Given a dataset of 500 resolved markets with final prices and outcomes:

np.random.seed(11)
true_probs = np.random.uniform(0, 1, 500)
outcomes = (np.random.rand(500) < true_probs).astype(int)
market_prices = true_probs + np.random.randn(500) * 0.05
market_prices = np.clip(market_prices, 0.01, 0.99)

(a) Bin the market prices into deciles (0-0.1, 0.1-0.2, ..., 0.9-1.0). (b) For each bin, compute the fraction of markets that resolved Yes. (c) Plot the calibration curve (predicted probability vs. observed frequency). (d) Compute the average Brier score. Is the market well-calibrated?

Exercise 27: Seasonality Decomposition

Simulate a price series with weekly seasonality:

np.random.seed(12)
t = np.arange(365)
trend = 0.5 + 0.1 * t / 365
seasonality = 0.02 * np.sin(2 * np.pi * t / 7)
noise = np.random.randn(365) * 0.01
prices = np.clip(trend + seasonality + noise, 0.01, 0.99)

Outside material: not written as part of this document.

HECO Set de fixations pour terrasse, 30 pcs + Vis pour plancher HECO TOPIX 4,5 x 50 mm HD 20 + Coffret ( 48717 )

(a) Apply a 7-day moving average to estimate the trend. (b) Subtract the trend to isolate the seasonal + noise component. (c) Average the detrended series by day of week to estimate the seasonal pattern. (d) Compare the estimated seasonal pattern to the true pattern. How accurate is the estimate?

Exercise 28: Platform-Level EDA

Simulate summary statistics for 100 markets on a platform:

np.random.seed(13)
market_data = pd.DataFrame({
    'total_volume': np.random.lognormal(8, 2, 100),
    'n_observations': np.random.poisson(500, 100),
    'price_range': np.random.beta(2, 3, 100),
    'final_price': np.random.beta(0.5, 0.5, 100),
    'outcome': (np.random.rand(100) < np.random.beta(0.5, 0.5, 100)).astype(int)
})

(a) Compute the platform-level summary statistics (mean volume, median volume, mean Brier score, etc.). (b) Create a scatter plot of total volume vs. number of observations. (c) Create a histogram of final prices. Is it U-shaped? (d) Compute the calibration curve using the final prices and outcomes.

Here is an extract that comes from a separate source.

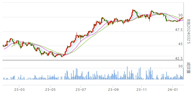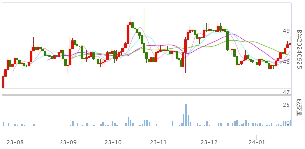 今日(2024年01月22日,周一)中國繭絲綢交易市場生絲指數(shù)上漲0.22%收于4948.28點(diǎn)。B絲(商檢4A級生絲):240125合約上漲0.15萬元報收于49.86萬元;240325合約報平收于49.89萬元;240925合約上漲0.03萬元報收于48.69萬元。

Exercise 29: Complete EDA Pipeline

Choose one of the following datasets (or generate synthetic data matching its characteristics): - A 6-month daily election market. - A 30-day daily sports outcome market. - A 1-year daily economic indicator market.

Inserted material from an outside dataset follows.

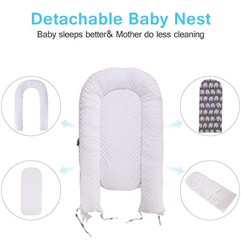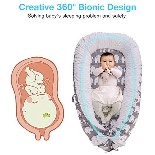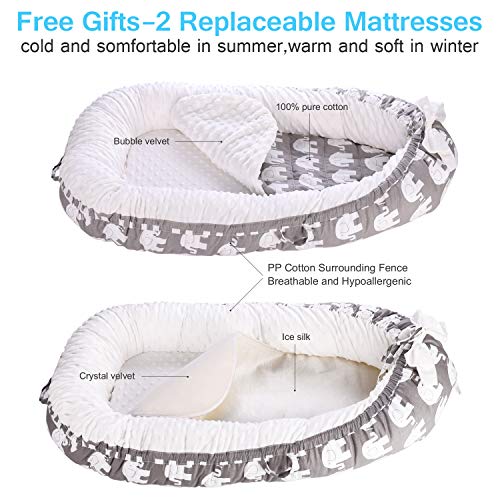 Nido para Bebés Recien Nacido Cama para Cuna biónica hipoalergénica de espuma de algodón suave y transpirable para recién nacidos con 2 colchones reemplazables (Gris/elefante)

Apply the full EDA template from Section 21.12: (a) Compute and display all summary statistics. (b) Create the full set of 10 standard visualizations listed in Section 21.10.4. (c) Run all statistical tests (Ljung-Box, runs test, normality tests, KS test for beta fit). (d) Summarize your findings in a brief report (500-1000 words).

Exercise 30: EDA Critique

Consider the following (deliberately flawed) EDA conclusions. For each, explain why the conclusion is problematic and what analysis would be more appropriate:

(a) "The ACF at lag 7 is significant, so there is a weekly pattern in price changes." (Hint: multiple comparisons.)

(b) "The price has been trending upward for the last 30 days, so we should buy because the trend will continue." (Hint: EDA vs. prediction.)

(d) "We detected 3 regimes using HMM and the BIC was better than for 2 regimes, so we conclude there are exactly 3 regimes." (Hint: model selection uncertainty.)

(e) "The correlation between markets A and B is 0.95, so market A causes market B to move." (Hint: correlation vs. causation, and common factors.)